The day after I arrived in Honolulu, Dad took me to the doctor to get shots for the trip to Japan. A nurse with syringe poised above my arm asked me if I was pregnant. I thought about this question. If I said no, I would get the shot and the baby would probably be damaged. If I said yes, she might not give me the shot and I wouldn’t be able to go to Japan.

  I took a deep breath and said “No.” The moment the shot hit my arm, I blacked out. When I woke up I was laying down on a cot. Now I’d have to go through with it.

  * * *

  My dad and I landed at the Narita Airport in Tokyo, and went directly to the clinic. We were quiet on the way, overwhelmed by the thousands of huge bright-colored billboards and the frenzied traffic. Our car jerked back and forth, weaving through the chaos of the city streets, ending at what looked like a small apartment building. Dad checked the address, which was written both in Japanese characters and in English on the gate.

  Our overnight bags in hand, we climbed the stairs of the clinic and added our shoes to the others neatly lined up on the top steps. A nurse met us at the door, and communicating with smiles and gestures, led us through the hallways of the clinic.

  It was more like someone’s home than a hospital. We passed by what looked like Western bedrooms, with four poster beds and dressers. All the paintings on the walls were Japanese style though, beautiful and serene—a stark contrast to the decidedly UN-serene way I was feeling. The food-mixed-with-bleach odor that permeated the place, combined with anxiety, brought back the old morning sickness that I thought I was passed.

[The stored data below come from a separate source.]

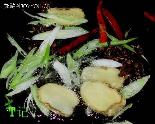 6、热锅入少许锅底油,油热后放入干辣椒,花椒爆香(千万不要糊了)然后加入其他香料(八角,桂皮,香叶,孜然粒)马上再放入葱丝姜片爆炒一下(同时一定注意火候.不要让前边的香料焦糊了)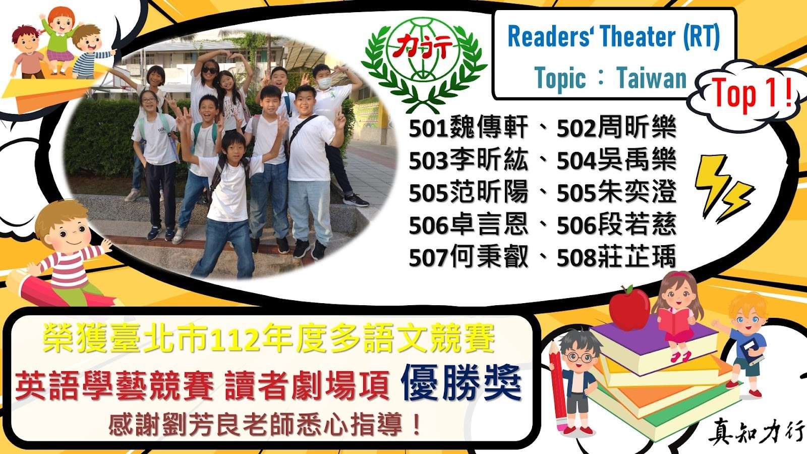 英語讀者劇場-501魏傳軒、502周昕樂、503李昕紘、504吳禹樂、505范昕陽、505朱奕澄、506卓言恩、506段若慈、507何秉叡、508莊芷瑀榮獲優勝,感謝劉芳良老師指導。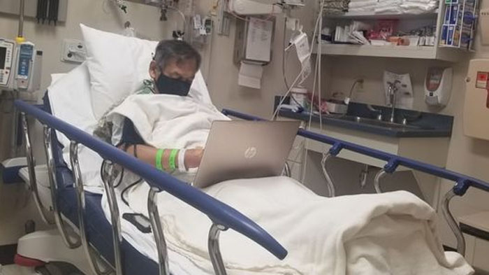 Dalam foto tersebut, terlihat sang ayah sedang membuka laptop di atas ranjang rumah sakit.

  We were shown into an office to wait for the doctor. The room was lit by a single lamp, which made the room feel dusky. The room was small and cluttered, with shelves full of books and a tea kettle on a hot plate. On the desk there was a model of a woman’s pregnant body that you could take apart to see how her insides fit together. I rubbed my stomach.

  Finally the doctor came into his office. In perfect English he explained the procedure. He pulled out a photograph of a fetus at my baby’s stage of development, its limbs and features easily identifiable. I hadn’t realized how developed the baby was at four months. You could see that this was a human being, with arms and legs and the beginnings of a face.

  My pregnancy didn’t show yet, and I hadn’t felt any movement. Until then it had been all me, about Nick and our parents. But looking at that photograph, I fully realized that I was about to end a life.

  “This is a second trimester procedure,” the doctor said, looking directly at me. “We’ll have to induce labor. It will be painful.”

  I couldn’t take my eyes off that picture. My father didn’t say a word.

  “Are you sure you want to do this?” the doctor said.

  I went through the last few months in my mind. I had shots that probably damaged the baby. I spent my entire college fund on this trip. My father and I had flown thousands of miles. The baby’s father had bucked me from a motorcycle, and he wanted nothing to do with me or the baby. I was sixteen.

  I nodded.

  * * *

  One summer day when I was twenty and newly married, I ended up back in the old neighborhood just long enough to transfer buses. I stood at the intersection of the main drag and the street where I’d lived with my mom and my sister, around the corner from the Sokovs.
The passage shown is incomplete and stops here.